Top of Material for the task

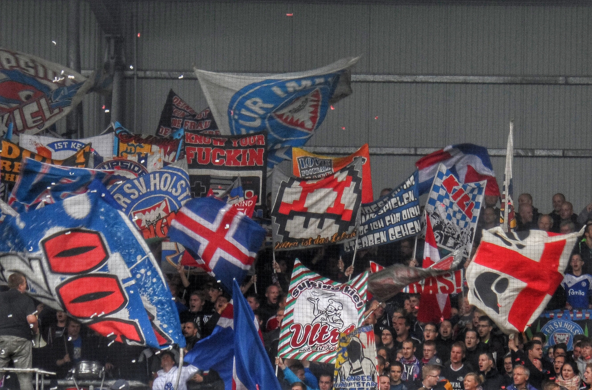 The Pokal is taken very seriously in German Football. None of this putting out the reserve/kids XI out – clubs take it very seriously. Bayern Munich, arguably the best team in the world, want to win it every year – why wouldn’t they? The rules means that the lower-ranked team plays at home, with no replays. When the draw this season was made, 3rd tier Holstein Kiel were to host 1860 Munich – a near one thousand mile round trip. But, without any surprises, the game was a sell out with nearly a thousand 1860 fans making the journey to bring their colour, songs and bad dress sense (well, a few anyway) to the famous port city in Northern Germany. The home fans did themselves proud on and off the pitch with a riot of colour, flag waving and singing. Oh, and beer. Lots of beer.
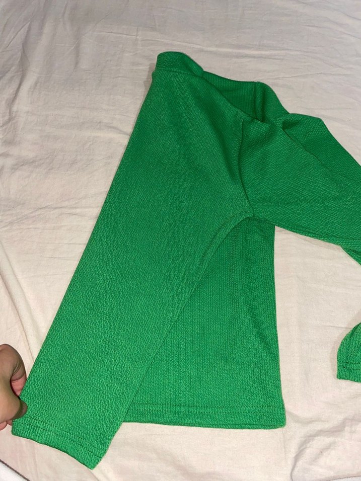 Düğmeli, yeşil, boğazlı ve uzun kollu kadın kazak. İnce kesimi ve parlak dokusuyla günlük sokak stiline uygun.Xl fakat küçük bedenlere uygundur
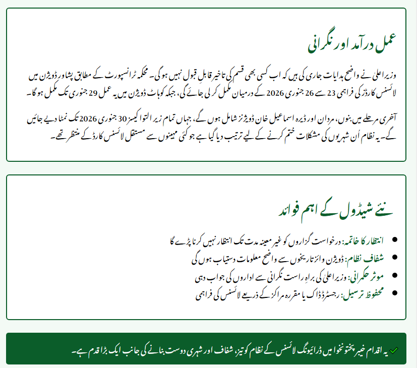 According to an official statement, the KP Transport Department has released a comprehensive division-wise and district-based schedule. The Chief Minister has strictly instructed all concerned departments to adhere to this timeline to ensure that every citizen receives their license card within the month of January 2026.
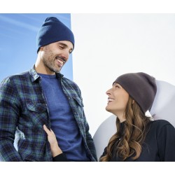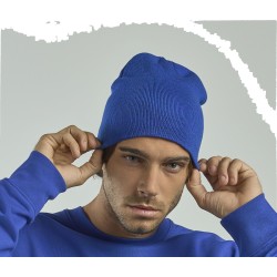 Comfortable beanie in recycled polyester yarn. Double layer and circular machine finish. Soft hand feel for outdoor activities and everyday use.
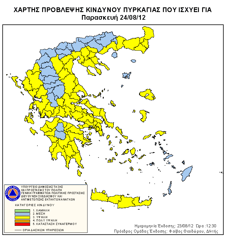 Λόγω του αυξημένου κινδύνου εκδήλωσης πυρκαγιάς αύριο Παρασκευή 24-08-2012 σε όλο το Νομό Έβρου πλήν της Νήσου Σαμοθράκης (Δείκτης επικινδυνότητας 3, υψηλός κίνδυνος), παρακαλούμε για την άμεση λήψη των παρακάτω προληπτικών μέτρων :
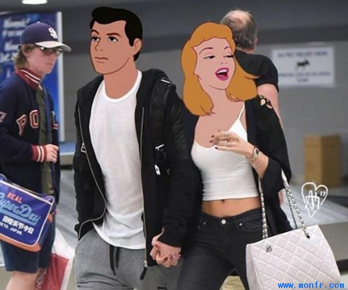 Cendrillon et le Prince Charmant évitant les paparazzis:灰姑娘和白马王子正在躲避们的拍摄:

Bottom of Material for the task

Write out the material exactly, excluding pictures.

§ Result for this exercise:
 The Pokal is taken very seriously in German Football. None of this putting out the reserve/kids XI out – clubs take it very seriously. Bayern Munich, arguably the best team in the world, want to win it every year – why wouldn’t they? The rules means that the lower-ranked team plays at home, with no replays. When the draw this season was made, 3rd tier Holstein Kiel were to host 1860 Munich – a near one thousand mile round trip. But, without any surprises, the game was a sell out with nearly a thousand 1860 fans making the journey to bring their colour, songs and bad dress sense (well, a few anyway) to the famous port city in Northern Germany. The home fans did themselves proud on and off the pitch with a riot of colour, flag waving and singing. Oh, and beer. Lots of beer.
 Düğmeli, yeşil, boğazlı ve uzun kollu kadın kazak. İnce kesimi ve parlak dokusuyla günlük sokak stiline uygun.Xl fakat küçük bedenlere uygundur
 According to an official statement, the KP Transport Department has released a comprehensive division-wise and district-based schedule. The Chief Minister has strictly instructed all concerned departments to adhere to this timeline to ensure that every citizen receives their license card within the month of January 2026.
 Comfortable beanie in recycled polyester yarn. Double layer and circular machine finish. Soft hand feel for outdoor activities and everyday use.
 Λόγω του αυξημένου κινδύνου εκδήλωσης πυρκαγιάς αύριο Παρασκευή 24-08-2012 σε όλο το Νομό Έβρου πλήν της Νήσου Σαμοθράκης (Δείκτης επικινδυνότητας 3, υψηλός κίνδυνος), παρακαλούμε για την άμεση λήψη των παρακάτω προληπτικών μέτρων :
 Cendrillon et le Prince Charmant évitant les paparazzis:灰姑娘和白马王子正在躲避们的拍摄:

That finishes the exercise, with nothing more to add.